Problem. Return exactly the lines from the one containing "Wall mural : Binary" through the last line of the records below, both included, and leave out any pictures.

(Data records)
──────────────────────────────
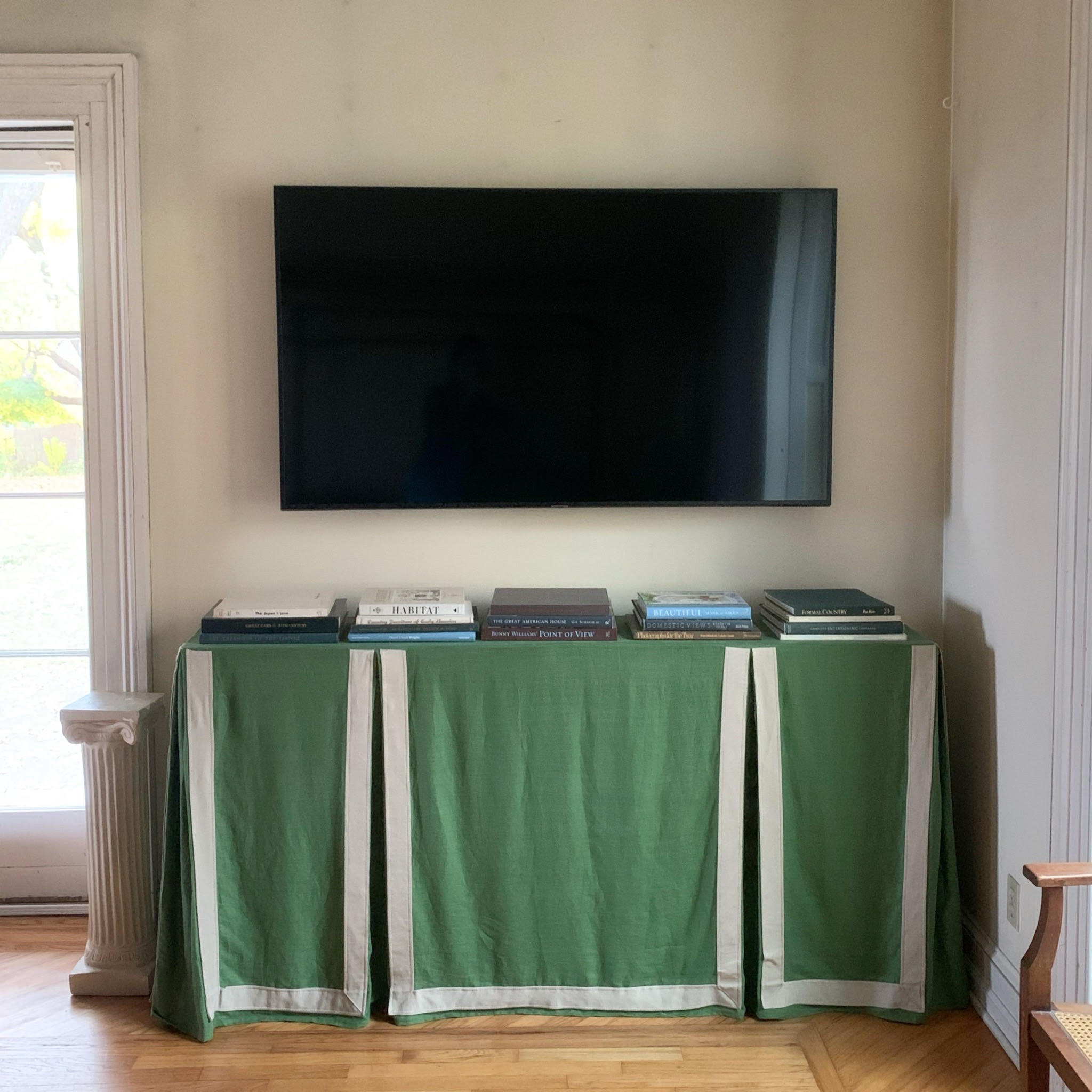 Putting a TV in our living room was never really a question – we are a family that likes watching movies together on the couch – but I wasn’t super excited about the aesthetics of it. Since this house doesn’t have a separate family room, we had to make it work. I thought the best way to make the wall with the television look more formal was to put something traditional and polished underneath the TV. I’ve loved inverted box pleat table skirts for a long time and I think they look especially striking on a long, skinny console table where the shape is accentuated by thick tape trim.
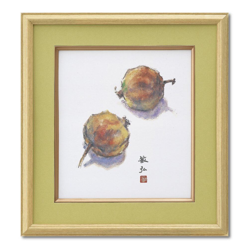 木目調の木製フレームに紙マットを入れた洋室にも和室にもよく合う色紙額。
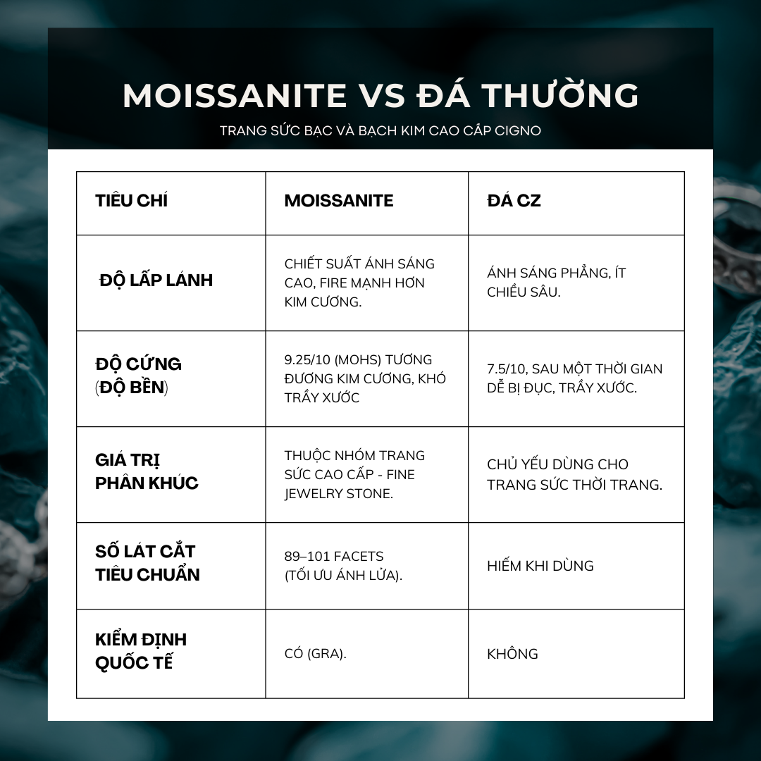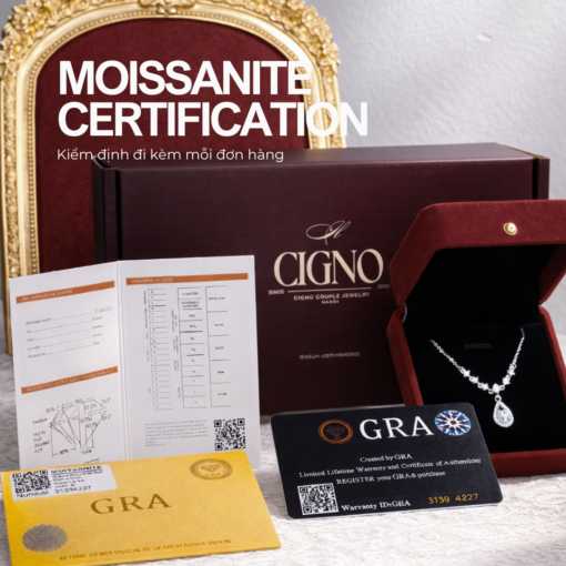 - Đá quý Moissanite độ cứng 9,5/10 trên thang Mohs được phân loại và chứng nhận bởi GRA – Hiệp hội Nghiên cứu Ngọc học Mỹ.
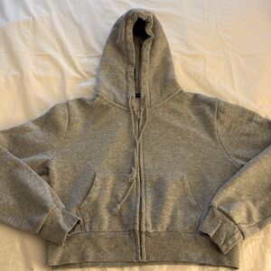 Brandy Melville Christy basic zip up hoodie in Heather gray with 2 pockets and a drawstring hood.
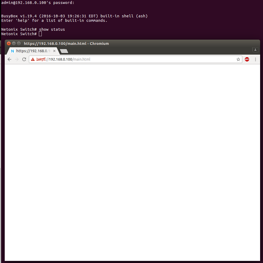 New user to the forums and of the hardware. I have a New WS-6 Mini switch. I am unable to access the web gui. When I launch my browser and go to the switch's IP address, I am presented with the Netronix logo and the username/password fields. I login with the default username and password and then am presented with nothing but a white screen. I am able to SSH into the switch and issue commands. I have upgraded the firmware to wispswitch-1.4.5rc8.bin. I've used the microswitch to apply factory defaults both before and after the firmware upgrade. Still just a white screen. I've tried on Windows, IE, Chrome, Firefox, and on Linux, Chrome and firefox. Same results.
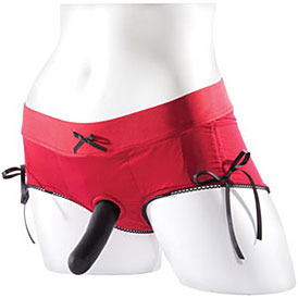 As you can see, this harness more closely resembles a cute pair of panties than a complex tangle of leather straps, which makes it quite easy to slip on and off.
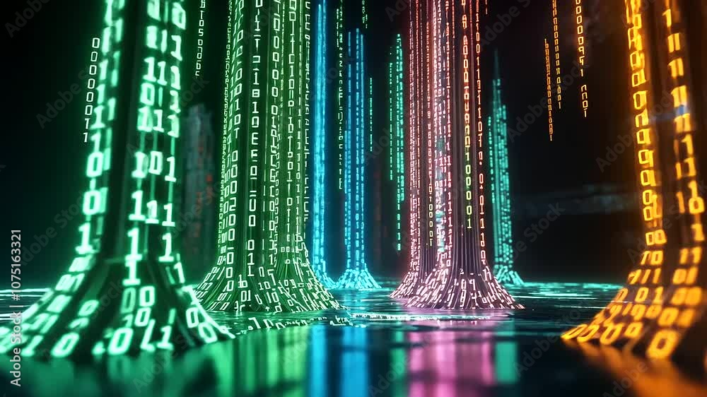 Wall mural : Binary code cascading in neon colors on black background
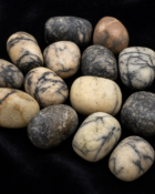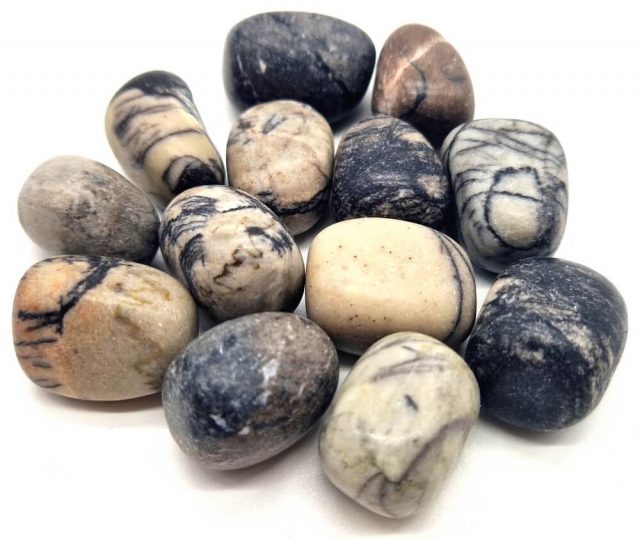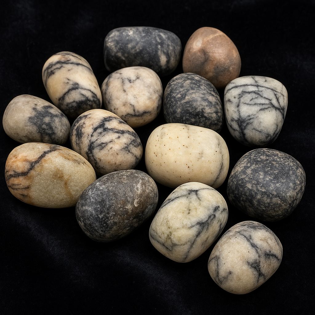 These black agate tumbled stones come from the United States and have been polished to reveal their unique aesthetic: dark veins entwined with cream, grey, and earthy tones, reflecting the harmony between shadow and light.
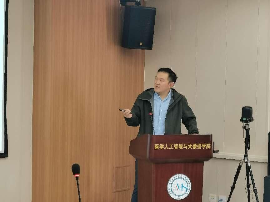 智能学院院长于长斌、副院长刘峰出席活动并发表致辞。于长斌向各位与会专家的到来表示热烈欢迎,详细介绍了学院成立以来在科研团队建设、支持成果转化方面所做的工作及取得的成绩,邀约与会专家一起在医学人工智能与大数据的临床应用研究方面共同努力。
──────────────────────────────
Response to the exercise.
 Wall mural : Binary code cascading in neon colors on black background
 These black agate tumbled stones come from the United States and have been polished to reveal their unique aesthetic: dark veins entwined with cream, grey, and earthy tones, reflecting the harmony between shadow and light.
 智能学院院长于长斌、副院长刘峰出席活动并发表致辞。于长斌向各位与会专家的到来表示热烈欢迎,详细介绍了学院成立以来在科研团队建设、支持成果转化方面所做的工作及取得的成绩,邀约与会专家一起在医学人工智能与大数据的临床应用研究方面共同努力。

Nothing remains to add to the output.